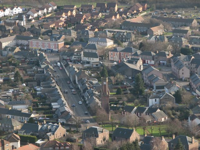 Ochil Street, Tillicoultry Viewed from the path above the Mill Glen.
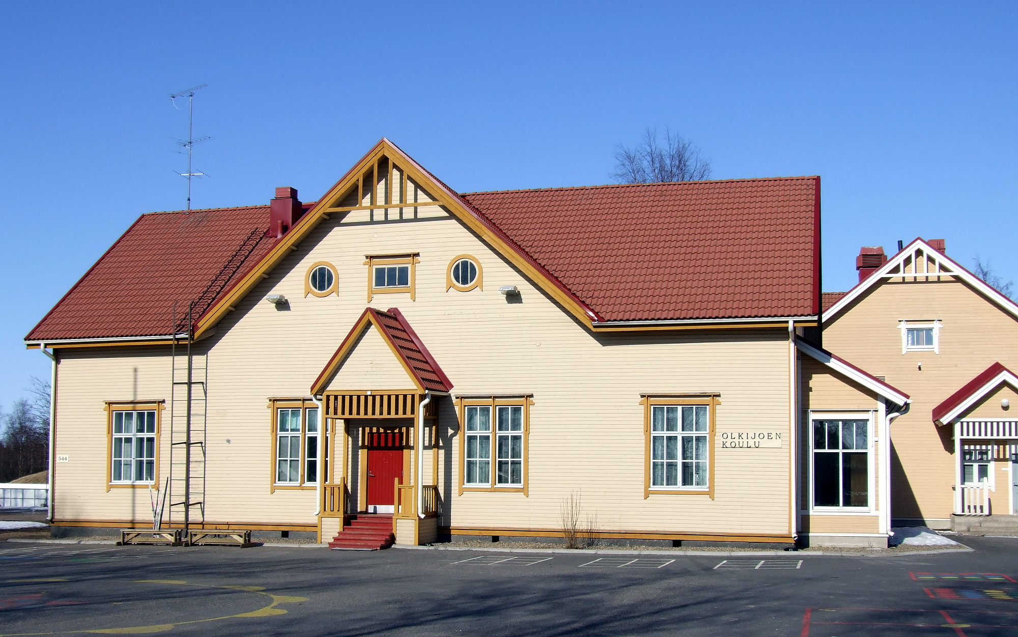 The school of village Olkijoki in the municipality of Raahe. The school has been built in 1919.
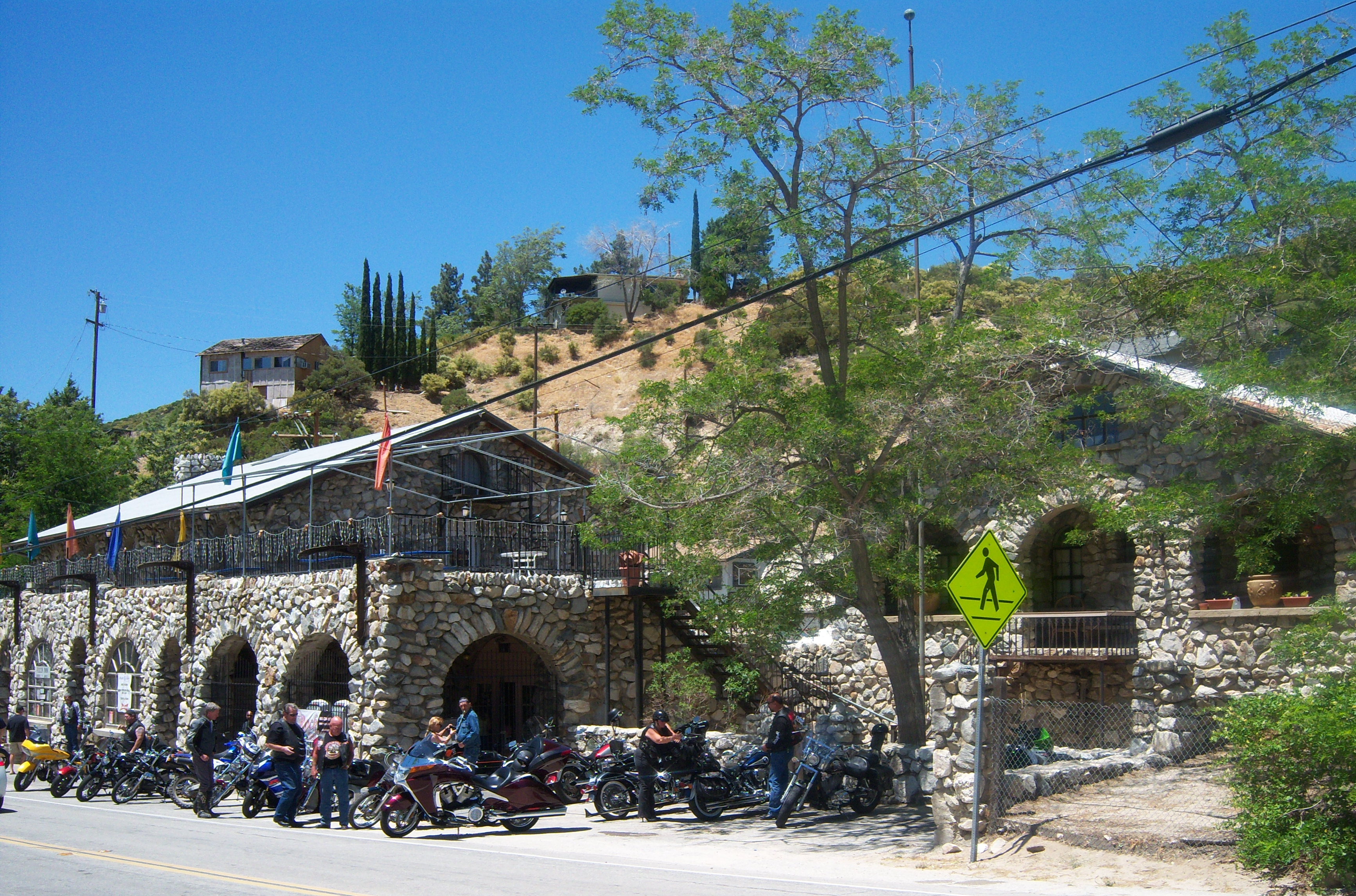 Historic Rock inn For almost 80 years the Rock Inn has served travelers lucky enough to find their way to their historic location on Elizabeth Lake Road in Lake Hughes, CA. Built in 1929 on the main roadway between Los Angeles and Bakersfield, it was a favorite hideaway retreat for many movie stars in the early days of Hollywood. The huge rock fireplace still warms guests on chilly days and three rustic rooms are available for rent even today. Leona Valley Cherry Picking

§ **Exercise instructions**
The response is to contain exactly the lines from the beginning of the data through the line containing "The school of", both ends included, and nothing else; omit the pictures.

§ **Expected output**
 Ochil Street, Tillicoultry Viewed from the path above the Mill Glen.
 The school of village Olkijoki in the municipality of Raahe. The school has been built in 1919.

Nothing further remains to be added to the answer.